What is needed is the exact text of each line in the listing below from the one with "BINO | Toilet" up to and including the one with "Through the years, fabric", and no pictures.

Data for processing
---------------

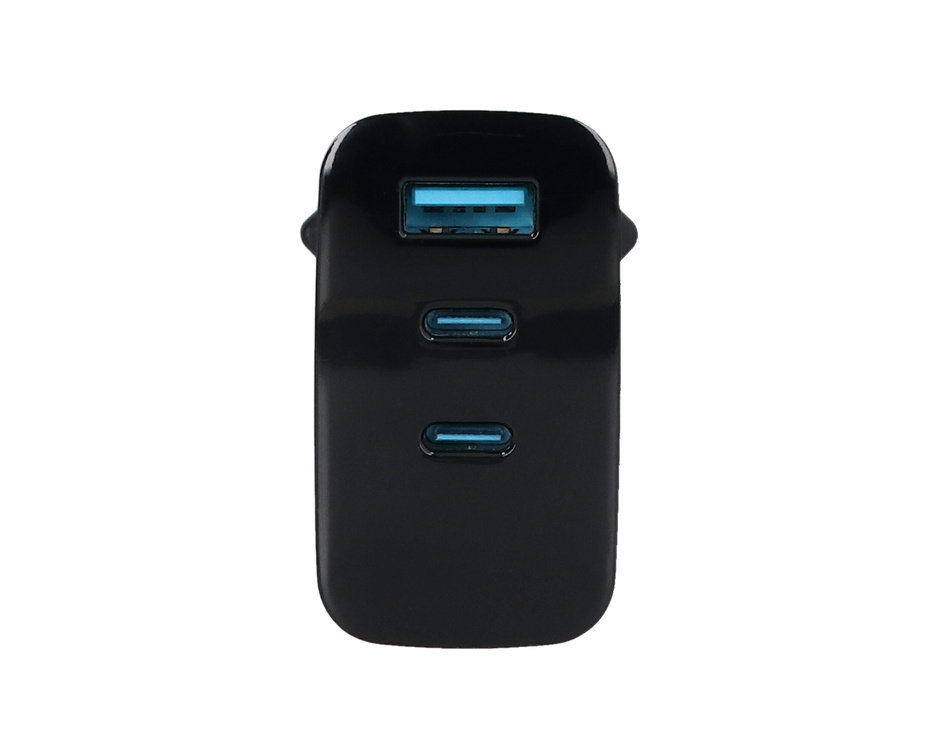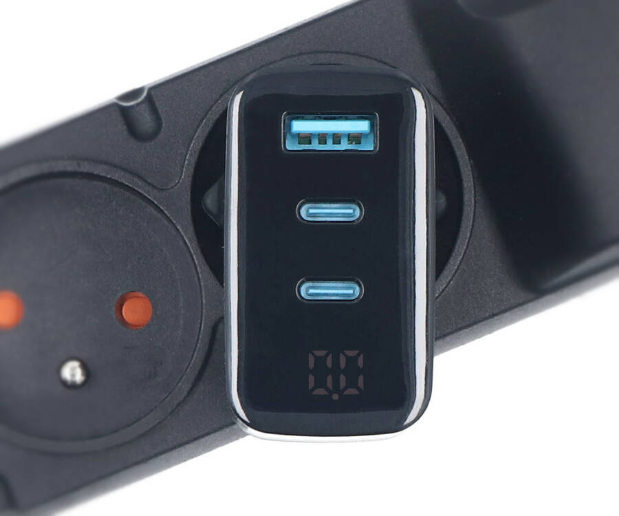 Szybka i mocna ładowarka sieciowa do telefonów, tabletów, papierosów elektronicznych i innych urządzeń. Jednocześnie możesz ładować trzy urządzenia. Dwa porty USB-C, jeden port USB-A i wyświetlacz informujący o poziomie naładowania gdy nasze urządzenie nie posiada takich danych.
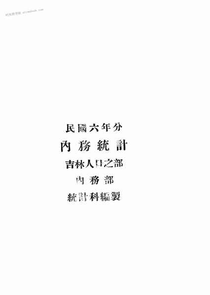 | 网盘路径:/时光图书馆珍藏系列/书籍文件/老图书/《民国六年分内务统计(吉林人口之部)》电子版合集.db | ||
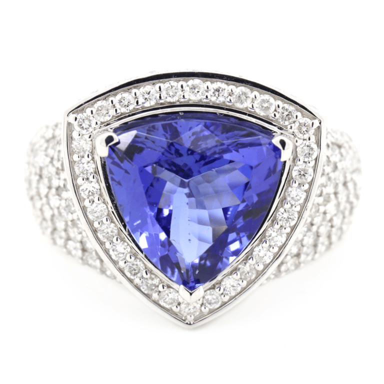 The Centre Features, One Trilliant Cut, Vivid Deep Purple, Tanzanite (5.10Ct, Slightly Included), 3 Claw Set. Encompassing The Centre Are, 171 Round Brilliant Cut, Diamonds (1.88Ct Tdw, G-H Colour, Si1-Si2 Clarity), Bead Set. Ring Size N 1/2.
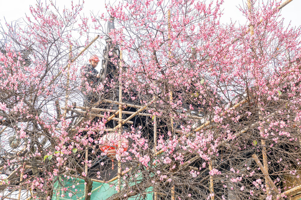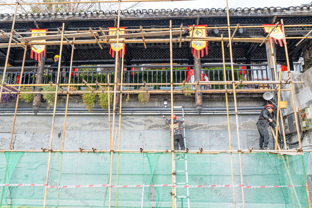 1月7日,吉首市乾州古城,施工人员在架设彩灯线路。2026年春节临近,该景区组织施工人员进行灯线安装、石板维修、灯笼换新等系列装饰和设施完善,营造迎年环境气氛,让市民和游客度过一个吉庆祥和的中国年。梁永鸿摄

---------------

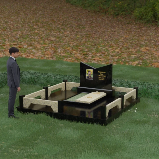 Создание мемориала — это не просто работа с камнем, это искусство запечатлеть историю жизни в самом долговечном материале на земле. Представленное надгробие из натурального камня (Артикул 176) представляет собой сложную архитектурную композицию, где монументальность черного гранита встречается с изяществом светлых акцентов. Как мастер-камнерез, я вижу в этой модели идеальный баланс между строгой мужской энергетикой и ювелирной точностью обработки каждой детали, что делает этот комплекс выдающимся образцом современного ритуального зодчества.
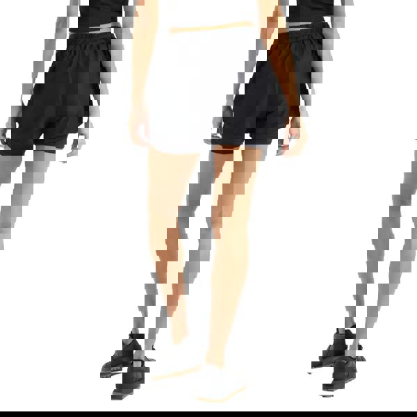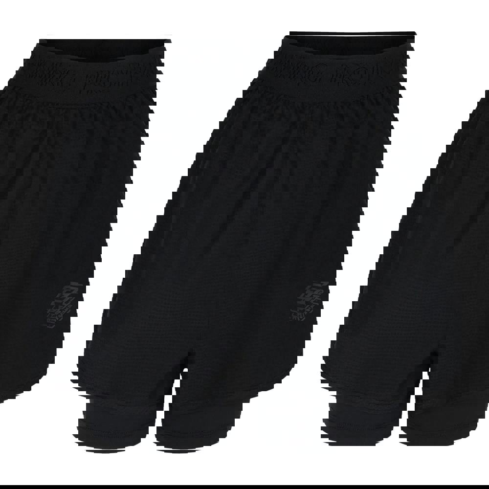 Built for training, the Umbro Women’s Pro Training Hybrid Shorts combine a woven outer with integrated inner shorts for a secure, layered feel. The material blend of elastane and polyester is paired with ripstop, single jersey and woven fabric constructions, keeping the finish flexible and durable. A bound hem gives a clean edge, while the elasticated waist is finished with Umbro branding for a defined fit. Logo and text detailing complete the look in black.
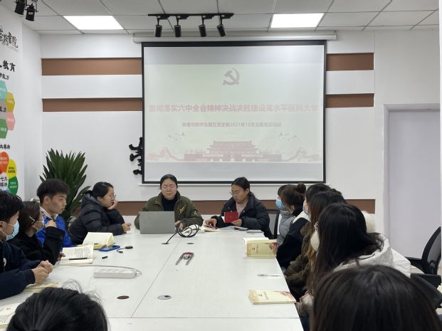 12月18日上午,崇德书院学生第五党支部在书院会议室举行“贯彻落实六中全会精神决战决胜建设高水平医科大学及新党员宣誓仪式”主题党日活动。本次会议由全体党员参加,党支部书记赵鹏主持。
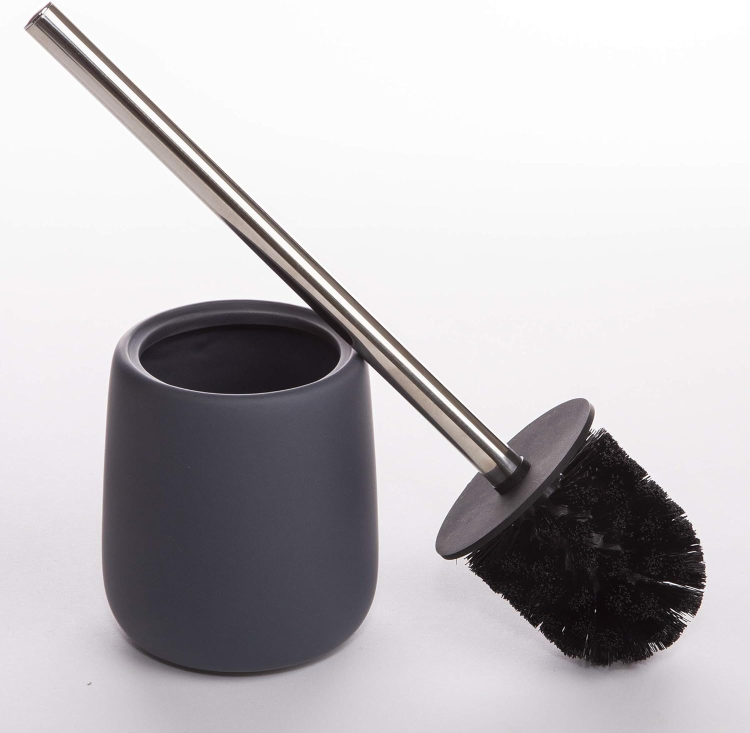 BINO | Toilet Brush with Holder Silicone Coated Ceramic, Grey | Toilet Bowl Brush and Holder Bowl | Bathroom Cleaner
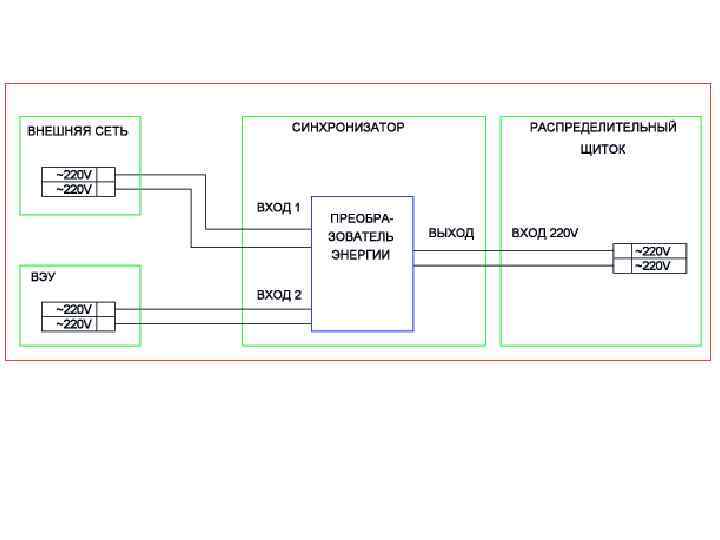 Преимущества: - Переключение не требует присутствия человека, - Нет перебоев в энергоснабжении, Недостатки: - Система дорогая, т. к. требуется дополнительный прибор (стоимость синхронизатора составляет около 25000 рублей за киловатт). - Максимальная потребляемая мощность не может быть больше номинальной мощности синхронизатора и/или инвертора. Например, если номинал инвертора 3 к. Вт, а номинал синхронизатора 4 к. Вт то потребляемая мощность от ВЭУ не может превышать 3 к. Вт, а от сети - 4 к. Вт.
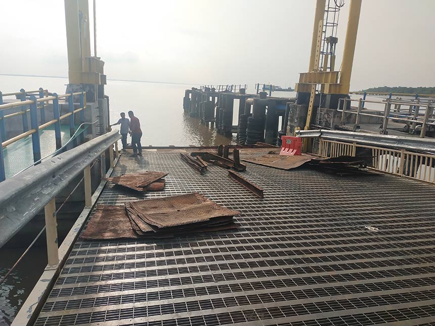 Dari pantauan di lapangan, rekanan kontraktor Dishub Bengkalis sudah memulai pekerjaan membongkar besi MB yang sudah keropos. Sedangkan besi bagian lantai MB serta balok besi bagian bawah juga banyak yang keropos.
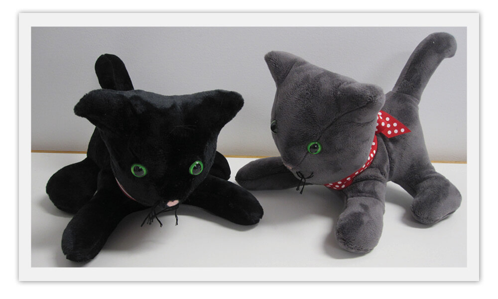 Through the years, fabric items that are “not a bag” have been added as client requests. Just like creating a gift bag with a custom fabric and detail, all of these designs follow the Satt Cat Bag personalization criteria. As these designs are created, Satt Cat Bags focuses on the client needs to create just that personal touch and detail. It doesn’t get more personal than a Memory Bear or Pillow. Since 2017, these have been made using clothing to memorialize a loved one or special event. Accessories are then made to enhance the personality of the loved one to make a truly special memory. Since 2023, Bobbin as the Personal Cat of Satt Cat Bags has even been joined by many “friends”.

---------------

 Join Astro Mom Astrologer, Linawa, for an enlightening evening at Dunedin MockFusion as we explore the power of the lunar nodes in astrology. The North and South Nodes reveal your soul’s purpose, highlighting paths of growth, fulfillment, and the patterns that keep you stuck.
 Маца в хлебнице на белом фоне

---------------

Answer section
 BINO | Toilet Brush with Holder Silicone Coated Ceramic, Grey | Toilet Bowl Brush and Holder Bowl | Bathroom Cleaner
 Преимущества: - Переключение не требует присутствия человека, - Нет перебоев в энергоснабжении, Недостатки: - Система дорогая, т. к. требуется дополнительный прибор (стоимость синхронизатора составляет около 25000 рублей за киловатт). - Максимальная потребляемая мощность не может быть больше номинальной мощности синхронизатора и/или инвертора. Например, если номинал инвертора 3 к. Вт, а номинал синхронизатора 4 к. Вт то потребляемая мощность от ВЭУ не может превышать 3 к. Вт, а от сети - 4 к. Вт.
 Dari pantauan di lapangan, rekanan kontraktor Dishub Bengkalis sudah memulai pekerjaan membongkar besi MB yang sudah keropos. Sedangkan besi bagian lantai MB serta balok besi bagian bawah juga banyak yang keropos.
 Through the years, fabric items that are “not a bag” have been added as client requests. Just like creating a gift bag with a custom fabric and detail, all of these designs follow the Satt Cat Bag personalization criteria. As these designs are created, Satt Cat Bags focuses on the client needs to create just that personal touch and detail. It doesn’t get more personal than a Memory Bear or Pillow. Since 2017, these have been made using clothing to memorialize a loved one or special event. Accessories are then made to enhance the personality of the loved one to make a truly special memory. Since 2023, Bobbin as the Personal Cat of Satt Cat Bags has even been joined by many “friends”.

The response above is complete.